Now I do my own thing. Much better, now if only I could get one client to pay.

So here’s the breakdown:

1) NHD
2) CVS
3) Brown University
4) Ernst & Young, LLP
5) Emblem & Badge
6) Rhode Island Department of Attorney General
7) Rhode Island Secretary of State
8) A large consulting group – that was the well paid 4 month gig.
9) On my own

Pushing equality forward in RI

As you probably know, I’m a member of both Marriage Equality Rhode Island (MERI) and the Providence Equality Action Committee(PEAC).

At the PEAC meeting this past Tuesday evening we had two people show up who wanted to have a mock funeral for the vetoed dp funeral bill here in RI. So this evening, Thursday November 19, 2009 at 7:30PM we’ll hopefully all be in black, carrying a casket with the bill inside. When I think about this, it really evokes strong Christian themes of death and resurrection doesn’t it. We rally at the south end of the RI State House, otherwise known as the side that faces the Providence Place Mall.

Another thing brought up at the meeting was the growing discontent with our elected representatives, not only over the issue of marriage equality but on economic and other issues.

I stressed that MERI and their staff and volunteers have made great strides in getting us almost to the point where we have the necessary margins to override a veto in the House, next we have to work on the Senate.

Part of what was brought up at the PEAC meeting was that this is an election year. I then explained that the voting public for the most part has the memory of a gnat when it comes to their elected representatives and what they voted on what.
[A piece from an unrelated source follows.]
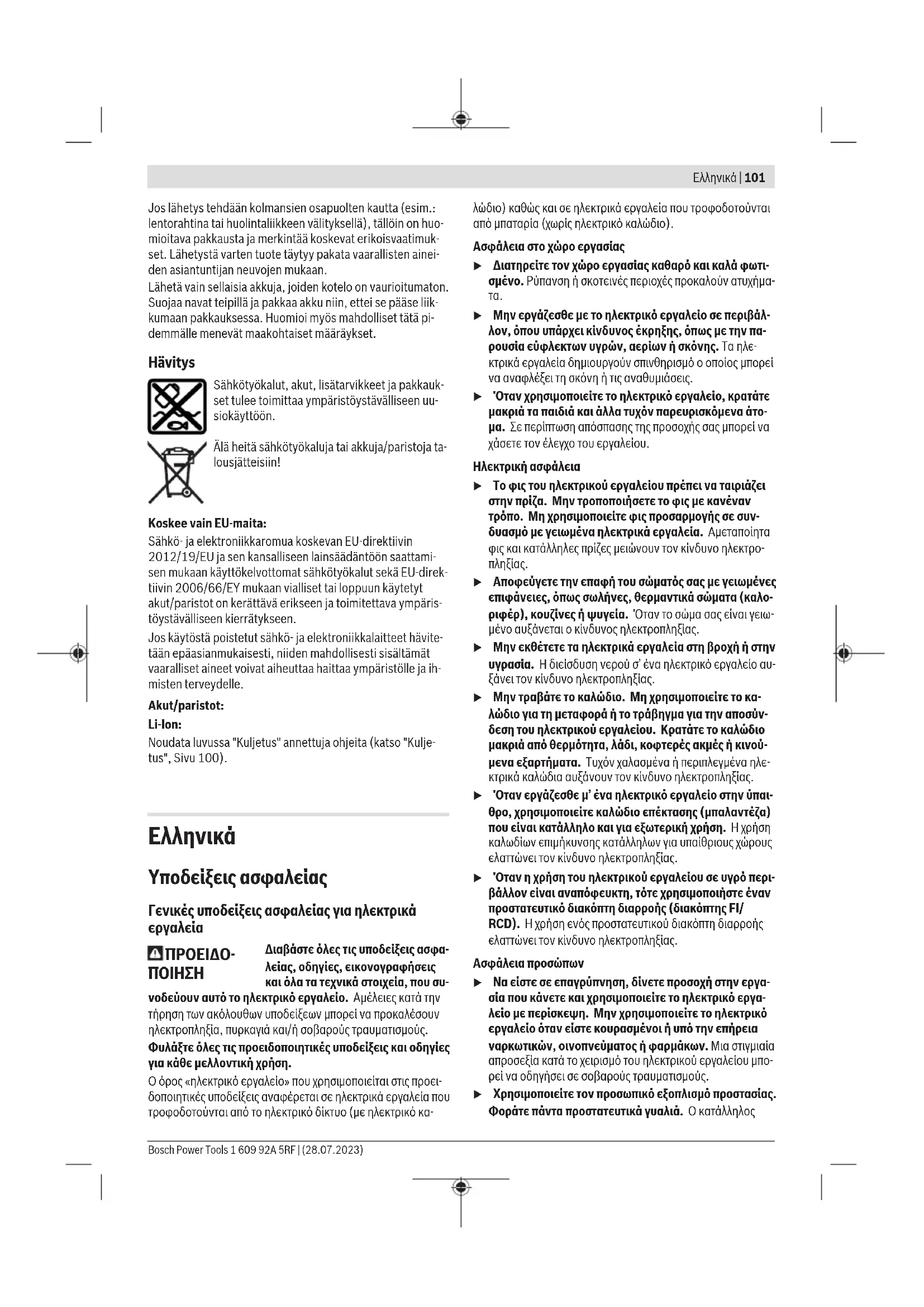 u Αποφεύγετε την επαφή του σώματός σας με γειωμένες επιφάνειες, όπως σωλήνες, θερμαντικά σώματα (καλο- ριφέρ), κουζίνες ή ψυγεία. Όταν το σώμα σας είναι γειω- μένο αυξάνεται ο κίνδυνος ηλεκτροπληξίας. u Μην εκθέτετε τα ηλεκτρικά εργαλεία στη βροχή ή στην υγρασία. Η διείσδυση νερού σ’ ένα ηλεκτρικό εργαλείο αυ- ξάνει τον κίνδυνο ηλεκτροπληξίας. u Μην τραβάτε το καλώδιο. Μη χρησιμοποιείτε το κα- λώδιο για τη μεταφορά ή το τράβηγμα για την αποσύν- δεση του ηλεκτρικού εργαλείου. Κρατάτε το καλώδιο μακριά από θερμότητα, λάδι, κοφτερές ακμές ή κινού- μενα εξαρτήματα. Τυχόν χαλασμένα ή περιπλεγμένα ηλε- κτρικά καλώδια αυξάνουν τον κίνδυνο ηλεκτροπληξίας. u Όταν εργάζεσθε μ’ ένα ηλεκτρικό εργαλείο στην ύπαι- θρο, χρησιμοποιείτε καλώδιο επέκτασης (μπαλαντέζα) που είναι κατάλληλο και για εξωτερική χρήση. Ηχρήση καλωδίων επιμήκυνσης κατάλληλων για υπαίθριους χώρους ελαττώνει τον κίνδυνο ηλεκτροπληξίας. u Όταν η χρήση του ηλεκτρικού εργαλείου σε υγρό περι- βάλλον είναι αναπόφευκτη, τότε χρησιμοποιήστε έναν προστατευτικό διακόπτη διαρροής (διακόπτηςFI/ RCD). Ηχρήση ενός προστατευτικού διακόπτη διαρροής ελαττώνει τον κίνδυνο ηλεκτροπληξίας. Ασφάλεια προσώπων u Να είστε σε επαγρύπνηση, δίνετε προσοχή στην εργα- σία που κάνετε και χρησιμοποιείτε το ηλεκτρικό εργα- λείο με περίσκεψη. Μην χρησιμοποιείτε το ηλεκτρικό εργαλείο όταν είστε κουρασμένοι ή υπό την επήρεια ναρκωτικών, οινοπνεύματος ή φαρμάκων. Μια στιγμιαία απροσεξία κατά το χειρισμό του ηλεκτρικού εργαλείου μπο- ρεί να οδηγήσει σε σοβαρούς τραυματισμούς. u Χρησιμοποιείτε τον προσωπικό εξοπλισμό προστασίας. Φοράτε πάντα προστατευτικά γυαλιά. Ο κατάλληλος Bosch Power Tools 1 609 92A 5RF | (28.07.2023)102 | Ελληνικά προστατευτικός εξοπλισμός, όπως μάσκα προστασίας από σκόνη, αντιολισθητικά υποδήματα ασφαλείας, προστατευτι- κό κράνος ή ωτασπίδες, ανάλογα με τις εκάστοτε συνθήκες, ελαττώνει τον κίνδυνο τραυματισμών. u Αποφεύγετε την αθέλητη εκκίνηση. Βεβαιωθείτε, ότι ο διακόπτης είναι στη θέση Off, πριν συνδέσετε το ηλε- κτρικό εργαλείο με την πηγή τροφοδοσίας και/ή την μπαταρία καθώς και πριν το παραλάβετε ή το μετα- φέρετε. Όταν μεταφέρετε τα ηλεκτρικά εργαλεία έχοντας το δάχτυλό σας στο διακόπτη ή όταν συνδέσετε τα ηλεκτρι- κά εργαλεία με την πηγή ρεύματος όταν αυτά είναι ακόμη στη θέση ΟΝ, τότε δημιουργείται κίνδυνος τραυματισμών. u Απομακρύνετε από το ηλεκτρικό εργαλείο τυχόν εξαρ- τήματα ρύθμισης ή κλειδιά πριν θέσετε το ηλεκτρικό εργαλείο σε λειτουργία. Ένα εργαλείο ή κλειδί συναρμο- λογημένο σ’ ένα περιστρεφόμενο τμήμα ενός ηλεκτρικού εργαλείου μπορεί να οδηγήσει σε τραυματισμούς. u Προσέχετε πως στέκεστε. Φροντίζετε για την ασφαλή στάση του σώματός σας και διατηρείτε πάντοτε την ισο- ρροπία σας. Έτσι μπορείτε να ελέγξετε καλύτερα το ηλε- κτρικό εργαλείο σε περιπτώσεις απροσδόκητων περιστάσε-

I also brought up the point that on average, we have at least 200 people per DISTRICT in RI. That’s a hell of a political motivator. My house district has 7,322 people in it and has 227 MERI supporters. My senate district has 13,580 people, and 329 MERI supporters. Say each supporter has access to 10 other people in the district and now you’ve amplified the effect to 2,270 and 3,290 respectively. This is especially true if you can drive voter turnout.

We also need to send the message to our elected representatives and senators that their vote to support marriage equality won’t cost them their seat in the legislature. In each state where a legislature has moved to secure our natural rights, there has been no electoral backlash.

I also need to get in touch with the Executive Director at MERI. For awhile now MERI volunteers have been collecting peoples information and signatures on post cards that we’re going to deliver to the representatives and senators. Wouldn’t it be spectacular if we could deliver them when the legislature goes back into session sometime around January 10, 2010. Make it ceremonious, make it grand, but most of all make it memorable to each and every legislator who gets those cards.

As to whether the state effort is worth it, I say yes. Look at every other civil rights battle. It’s never gone right to the federal level and when it has it has been through the offices of the judiciary, not the U.S. Congress. Congress only acts when the courts tell them to act when it comes to civil rights. Look at Title IX, the Civil Rights Act, Womens Suffrage, etc.

Brian Brown of NOM – What a prick!

So I watched Brian Brown of NOM’s testimony before the DC council. I have to say this, yes you are a bigot Mr. Brown. No doubt about it.

Particularly galling was at the end where you called on the council member as a religious bigot. You sir are just a civil rights bigot. Your very stance on marriage equality violates my constitutional rights. And you’ve shown your hand, your entire argument has a religious basis.

Religion had its chance to do things right. Instead over two millenia it’s managed to screw up human societies left and right. Let secular society reign without the interference of religious bigots like yourself Mr. Brown.